- The data -
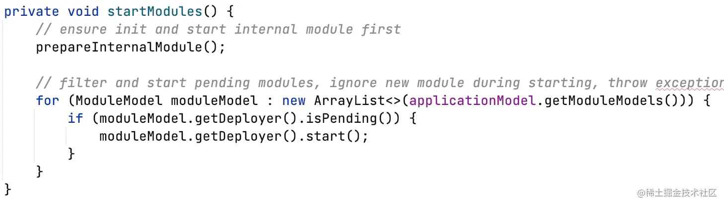 2)DefaultApplicationDeployer#startModules:启动ApplicationModel下所有模块的ModuleDeployer
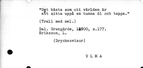 //// "Det bästa som uti världen är //// att sitta uppå en tunna öl och tappa." //// ... - t //// (Trall med mel.) //// Dal. Grangärde, 1&900, s.177. //// Eriksson, L. //// (Dryckesvisor) //// U L M A ////
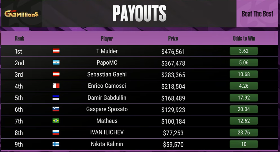 . Der Sieg besherte Teun Mulder $476.561 und das GGMillion$ live Package.
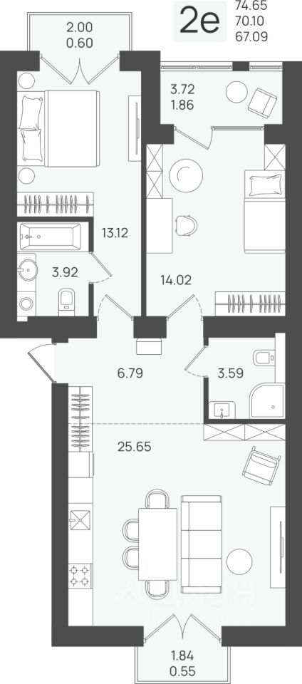 Общая площадь70,1 м2
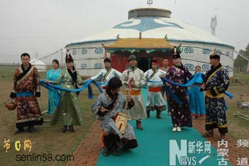内蒙古正蓝旗一家牧民开办的旅游点上,身着盛装的蒙古族姑娘、小伙子手捧哈达、美酒迎接远方的客人。(布和朝鲁 摄)
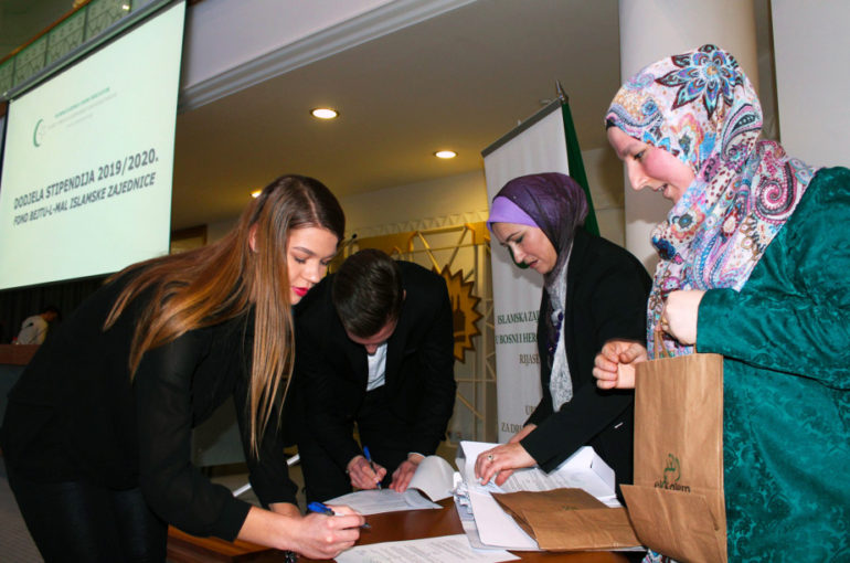Sarajevo, 18. JANUARA (MINA) – Danas je u Gazi Husrev-begovoj biblioteci u Sarajevu učenicima i studentima uručeno 208 ugovora za stipendije iz Fonda Bejtu-l-mal Rijaseta Islamske zajednice u Bosni i Hercegovini. Već šestu godinu zaredom Ured za društvenu brigu raspisuje konkurs za dodjelu stipendija učenicima srednjih škola i studentima.
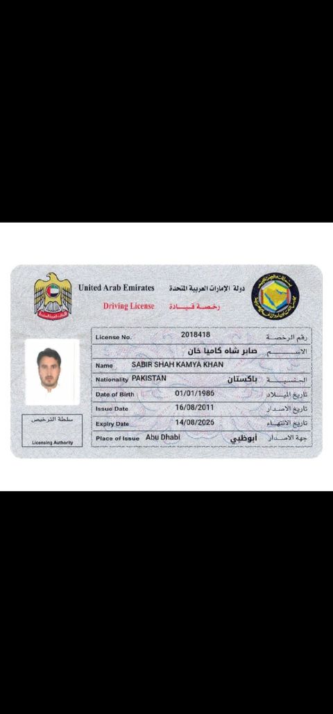 I am sabir Shah from Pakistan looking for light vehicle driver job I have 14 year experience I now all routes in UAE and also use Google maps languages English Arabic Urdu and I join immediately
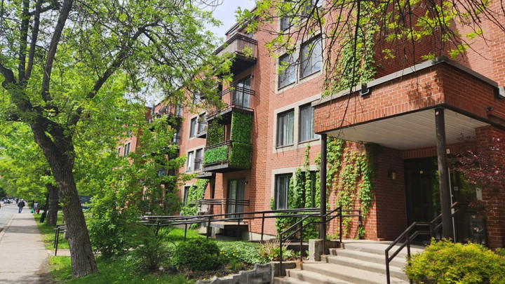 -L’appartement est au semi sous-sol d’un bel immeuble avec entrée sécuritaire.
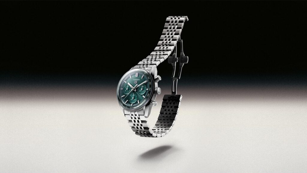 La edición en verde azulado introduce un tono intenso que se ha convertido en un nuevo color emblemático para TAG Heuer. Combinada con contadores tono sobre tono y agujas chapadas en rodio, la esfera juega con la luz y las sombras, creando un sutil juego de colores que evoluciona con cada movimiento de la muñeca, reforzando el compromiso de TAG Heuer con la legibilidad y la armonía visual.
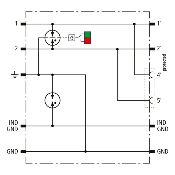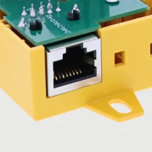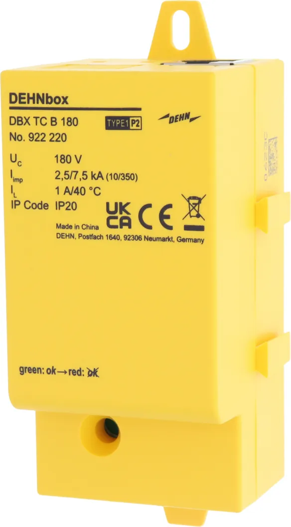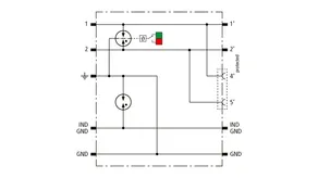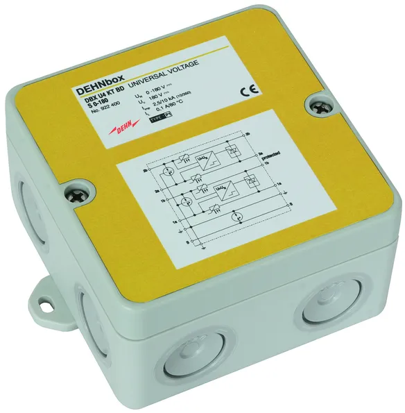 Parafoudre compact et peu encombrant dans un boîtier en plastique avec technologie de connexion push-in et indication d'état pour protéger une paire à interfaces symétriques, en particulier les interfaces de télécommunication jusqu'à VVDSL et G.fast (jusqu'à 1 Gbit/s). Mise à la terre directe / indirecte du blindage possible. Connexion d'une paire ou d'un câble patch avec prise RJ45 en sortie.
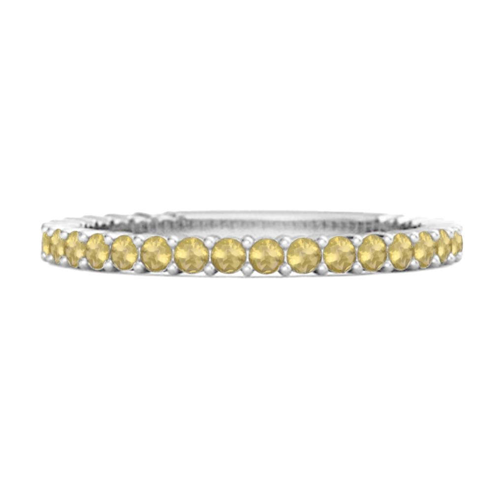 Ewigkeitring aus 925er Sterlingsilber mit 0,69 ct Zitronenquarz im 2 mm Rundschliff. Ein lebhafter und fröhlicher Stapelring für den täglichen Gebrauch.
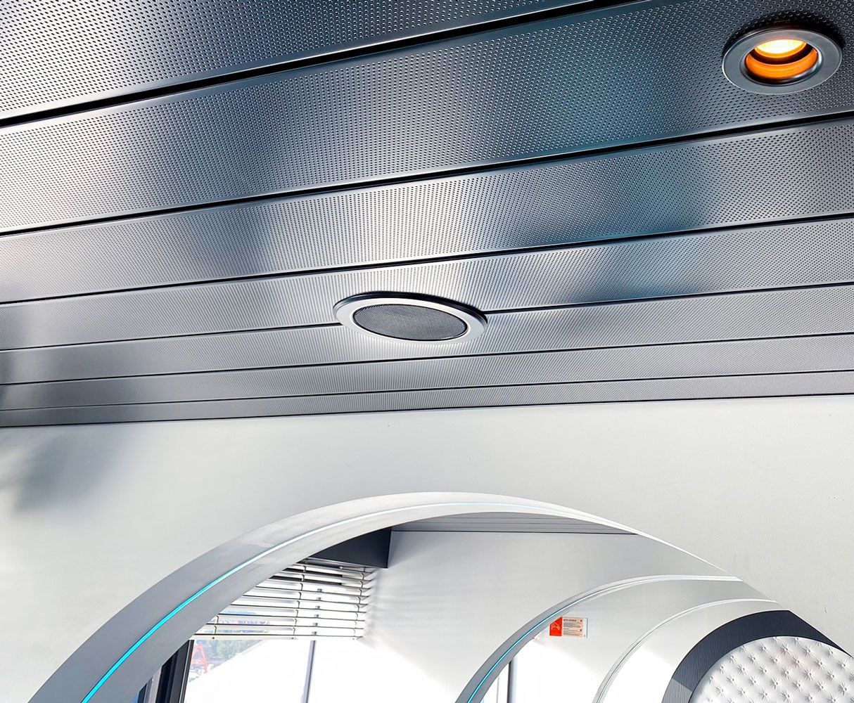 Hochwertige Oberflächen sind gerade im Innenausbau besonders wichtig! Das wissen wir aus unserer langjährigen Erfahrung im Innenausbau auf Kreuzfahrtschiffen. Dort und für die dort zuständigen Innenausbauer lackieren wir bereits seit 1997 Einbaulautsprecher dekorativ in vielen Farben. Aber auch für Konzertsäle, Konferenzzentren oder Hotels lackieren wir Ihre Deckenlautsprecher gerne vor Einbau, damit der wichtigste Teil Ihres Soundsystems so gut aussieht, wie er klingt.
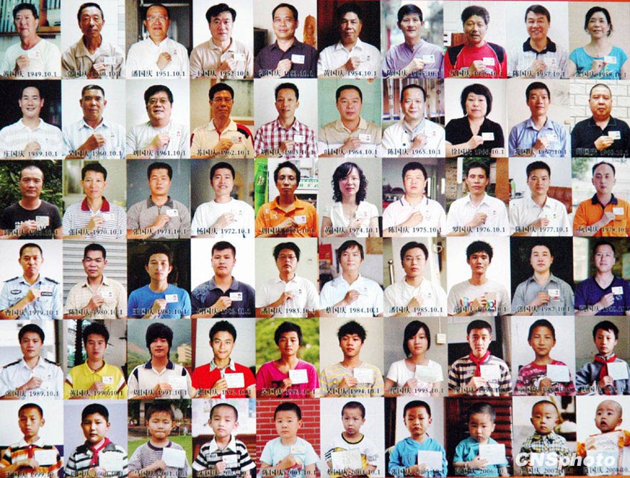 9月27日,“見證祖國60歲 我的名字叫國慶”攝影個(gè)展在福州舉行。為了紀(jì)念中華人民共和國成立60周年,福建職業(yè)攝影師阮曉榕歷時(shí)四個(gè)多月,歷經(jīng)8000余公里行程,尋訪了近百人,最終成功拍攝了從1949年到2008年10月1日出生、名字叫“國慶”的60個(gè)人。 中新社發(fā) 張 斌 攝
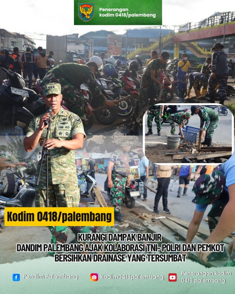 Kegiatan yang dipimpin langsung oleh Dandim 0418/Palembang, Kolonel Arh Erik Novianto, S.sos difokuskan pada pengangkatan sedimentasi dan pembersihan sampah di sejumlah titik rawan genangan. Dandim menegaskan, langkah ini merupakan respons cepat atas banjir yang sempat melanda Kota Palembang dalam beberapa hari terakhir.
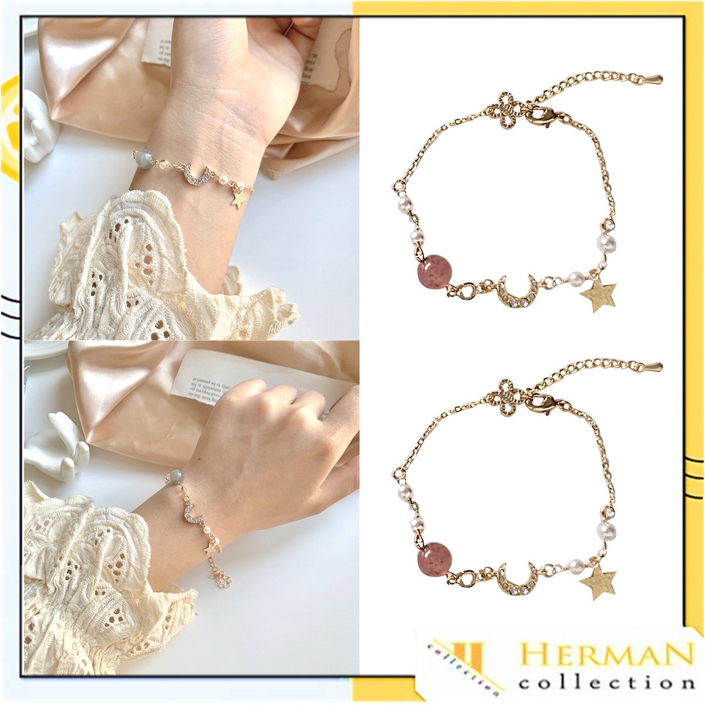 HC Gelang Couple Gelang Mutiara Gelang Rantai Sederhana Wanita Korea Aksesoris Fashion Wanita Gelang Rantai Adjustable Simple Model Bulan Bintang Unisex
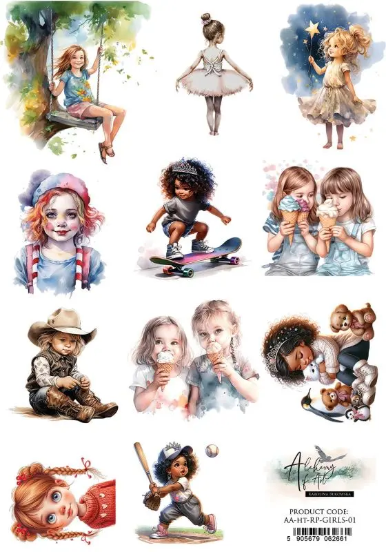 Papier Ryżowy do Decoupage Alchemy of Art A4 - Sylwetki Dziewczynek (AA-HT-RP-GIRLS-01)
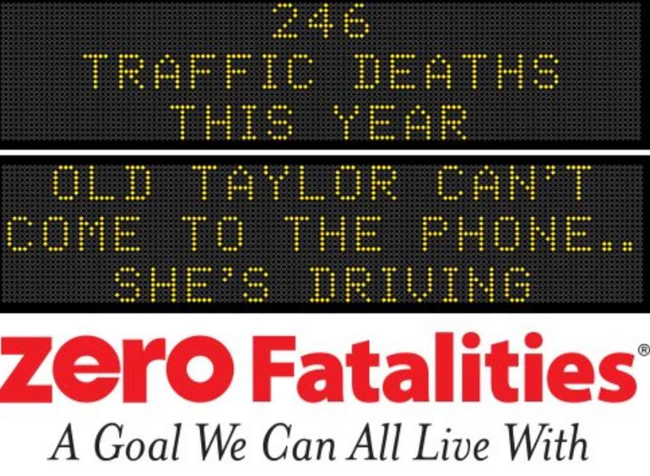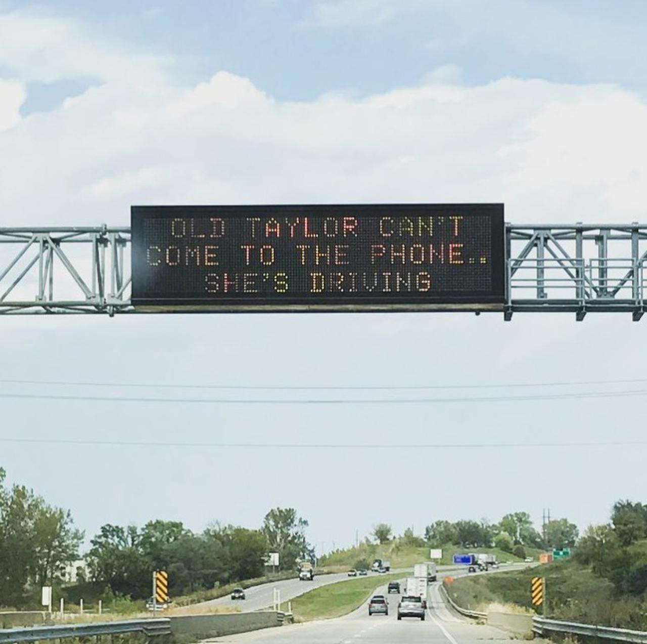 アイオワ州運輸省は、今週、公式ツイッターで「交通事故死亡者数ゼロを目指して」というスローガンとともに、「今年の交通事故死者数は246人」という表示と「Old Taylor Can’t Come to the Phone.. She’s Driving」(昔のテイラーは今電話にでることができません…彼女は運転中だから)」と、運転中のスマホ使用を防止するメッセージが書かれた電光掲示板の写真を公開。
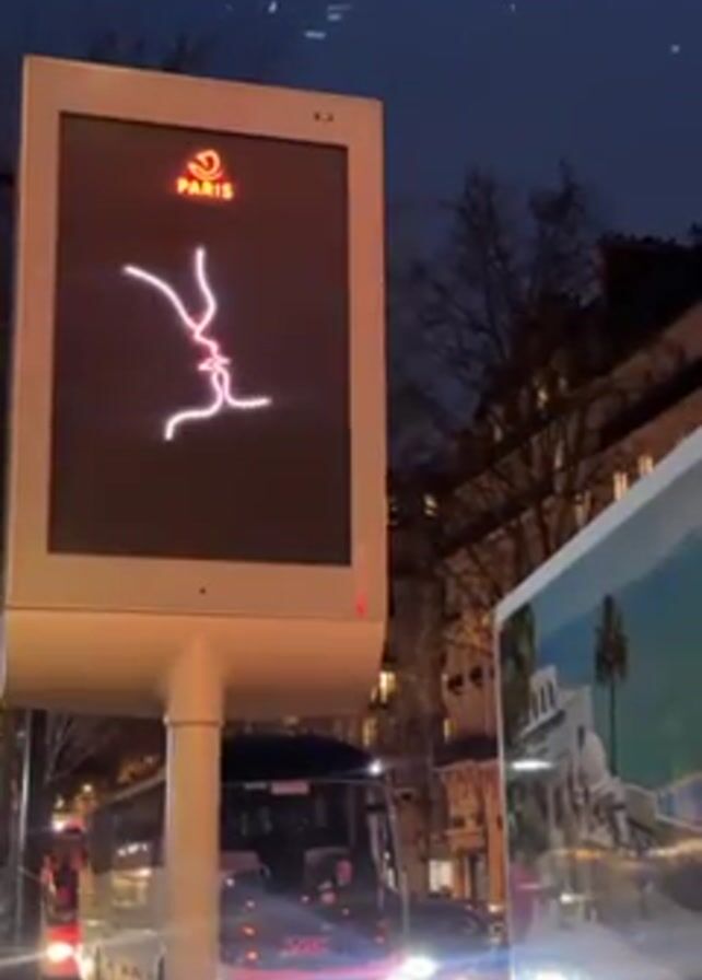 digital advertising display in Paris, France, at dusk. The display initially features the word "Paris" with a logo above it, followed by a line drawing of a couple kissing. The street scene includes buses and cars moving past in the background, with buildings on either side.
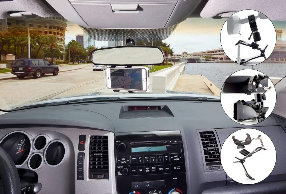 Made of high quality metal components including high quality 360 degree aluminum ball head, aluminum alloy rearview mirror clamp and sturdy plastic phone clamp. Note: These version 1 components can be used separately and independently of each other. .

- Task statement -
Everything in the data above gets copied exactly. Only the pictures are skipped.

- Completed exercise -
 2)DefaultApplicationDeployer#startModules:启动ApplicationModel下所有模块的ModuleDeployer
 //// "Det bästa som uti världen är //// att sitta uppå en tunna öl och tappa." //// ... - t //// (Trall med mel.) //// Dal. Grangärde, 1&900, s.177. //// Eriksson, L. //// (Dryckesvisor) //// U L M A ////
 . Der Sieg besherte Teun Mulder $476.561 und das GGMillion$ live Package.
 Общая площадь70,1 м2
内蒙古正蓝旗一家牧民开办的旅游点上,身着盛装的蒙古族姑娘、小伙子手捧哈达、美酒迎接远方的客人。(布和朝鲁 摄)
Sarajevo, 18. JANUARA (MINA) – Danas je u Gazi Husrev-begovoj biblioteci u Sarajevu učenicima i studentima uručeno 208 ugovora za stipendije iz Fonda Bejtu-l-mal Rijaseta Islamske zajednice u Bosni i Hercegovini. Već šestu godinu zaredom Ured za društvenu brigu raspisuje konkurs za dodjelu stipendija učenicima srednjih škola i studentima.
 I am sabir Shah from Pakistan looking for light vehicle driver job I have 14 year experience I now all routes in UAE and also use Google maps languages English Arabic Urdu and I join immediately
 -L’appartement est au semi sous-sol d’un bel immeuble avec entrée sécuritaire.
 La edición en verde azulado introduce un tono intenso que se ha convertido en un nuevo color emblemático para TAG Heuer. Combinada con contadores tono sobre tono y agujas chapadas en rodio, la esfera juega con la luz y las sombras, creando un sutil juego de colores que evoluciona con cada movimiento de la muñeca, reforzando el compromiso de TAG Heuer con la legibilidad y la armonía visual.
 Parafoudre compact et peu encombrant dans un boîtier en plastique avec technologie de connexion push-in et indication d'état pour protéger une paire à interfaces symétriques, en particulier les interfaces de télécommunication jusqu'à VVDSL et G.fast (jusqu'à 1 Gbit/s). Mise à la terre directe / indirecte du blindage possible. Connexion d'une paire ou d'un câble patch avec prise RJ45 en sortie.
 Ewigkeitring aus 925er Sterlingsilber mit 0,69 ct Zitronenquarz im 2 mm Rundschliff. Ein lebhafter und fröhlicher Stapelring für den täglichen Gebrauch.
 Hochwertige Oberflächen sind gerade im Innenausbau besonders wichtig! Das wissen wir aus unserer langjährigen Erfahrung im Innenausbau auf Kreuzfahrtschiffen. Dort und für die dort zuständigen Innenausbauer lackieren wir bereits seit 1997 Einbaulautsprecher dekorativ in vielen Farben. Aber auch für Konzertsäle, Konferenzzentren oder Hotels lackieren wir Ihre Deckenlautsprecher gerne vor Einbau, damit der wichtigste Teil Ihres Soundsystems so gut aussieht, wie er klingt.
 9月27日,“見證祖國60歲 我的名字叫國慶”攝影個(gè)展在福州舉行。為了紀(jì)念中華人民共和國成立60周年,福建職業(yè)攝影師阮曉榕歷時(shí)四個(gè)多月,歷經(jīng)8000余公里行程,尋訪了近百人,最終成功拍攝了從1949年到2008年10月1日出生、名字叫“國慶”的60個(gè)人。 中新社發(fā) 張 斌 攝
 Kegiatan yang dipimpin langsung oleh Dandim 0418/Palembang, Kolonel Arh Erik Novianto, S.sos difokuskan pada pengangkatan sedimentasi dan pembersihan sampah di sejumlah titik rawan genangan. Dandim menegaskan, langkah ini merupakan respons cepat atas banjir yang sempat melanda Kota Palembang dalam beberapa hari terakhir.
 HC Gelang Couple Gelang Mutiara Gelang Rantai Sederhana Wanita Korea Aksesoris Fashion Wanita Gelang Rantai Adjustable Simple Model Bulan Bintang Unisex
 Papier Ryżowy do Decoupage Alchemy of Art A4 - Sylwetki Dziewczynek (AA-HT-RP-GIRLS-01)
 アイオワ州運輸省は、今週、公式ツイッターで「交通事故死亡者数ゼロを目指して」というスローガンとともに、「今年の交通事故死者数は246人」という表示と「Old Taylor Can’t Come to the Phone.. She’s Driving」(昔のテイラーは今電話にでることができません…彼女は運転中だから)」と、運転中のスマホ使用を防止するメッセージが書かれた電光掲示板の写真を公開。
 digital advertising display in Paris, France, at dusk. The display initially features the word "Paris" with a logo above it, followed by a line drawing of a couple kissing. The street scene includes buses and cars moving past in the background, with buildings on either side.
 Made of high quality metal components including high quality 360 degree aluminum ball head, aluminum alloy rearview mirror clamp and sturdy plastic phone clamp. Note: These version 1 components can be used separately and independently of each other. .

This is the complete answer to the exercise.